Thomas Sankara, le président panafricaniste déclare que le système monétaire français est une arme qui permet au Français de dominer le pays. Lui aussi est tué par son ami Compaoré lors d’un coup d’Etat planifié par la France.
Seul le grand timonier de la Révolution a pu résister aux différentes tentatives d’assassinat que fomentait l’ancien colonisateur en utilisant certains fils indignes et apatrides du pays.
La Guinée forte de son secteur agricole le plus performant de toute l’Afrique de l’Ouest, de ses ressources minières non négligeables, de son gros potentiel hydroélectrique, qui serait susceptible de permettre l’industrialisation du pays ne pouvait que penser à la création de sa propre monnaie, le franc guinéen, ainsi qu’á la création de la Banque Centrale de la République de Guinée.
La création de cette zone monétaire indépendante par la Guinée a permis de  prolonger et renforcer l’indépendance  sur le plan politique et monétaire, le reste du parcours ne visait qu’à protéger et à renforcer cet acquis.
En France, la riposte est impitoyable. Des faux billets en francs guinéens sont imprimés et  versés sur le marché pour saboter la nouvelle monnaie guinéenne mise en circulation. C ‘est ce  qui a provoqué la  dépréciation du nouveau franc guinéen et  qui ruinera l’économie qui n’était pas encore très solide.

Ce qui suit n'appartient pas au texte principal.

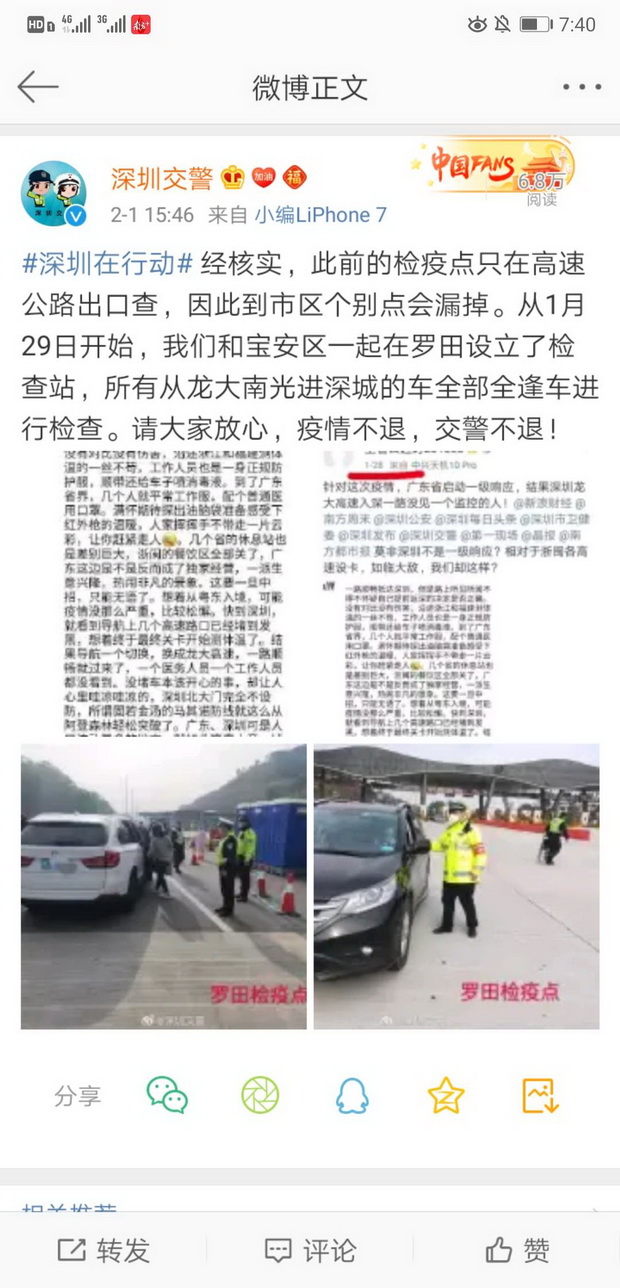 2月1日下午,深圳交警在其官方微博上表示,經(jīng)核實(shí),此前的檢疫點(diǎn)只在高速公路出口查,因此到市區(qū)個(gè)別點(diǎn)會(huì)漏掉。從1月29日開始,深圳交警和寶安區(qū)一起在羅田設(shè)立了檢查站,所有從龍大南光進(jìn)深城的車全部全逢車進(jìn)行檢查。請(qǐng)大家放心,疫情不退,交警不退。

C’est Jacques Faucard, le monsieur Françafrique de l’Elysée qui organisera toutes les opérations contre Sékou Touré.
Le  Gouvernement français  qui avait beaucoup d’intérêts économiques en Guinée notamment sa nouvelle usine de transformation de la bauxite en aluminium avait peur qu’avec le flirt de Sékou Touré avec le camp de l’Est pousse le dirigeant africain à nationaliser l’usine, organise plusieurs coups de force qui seront tous des échecs.
Soixante quatorze ans après sa création, les voix continuent de s’élever contre cette monnaie coloniale qui appauvrit chaque jours davantage les pays concernés.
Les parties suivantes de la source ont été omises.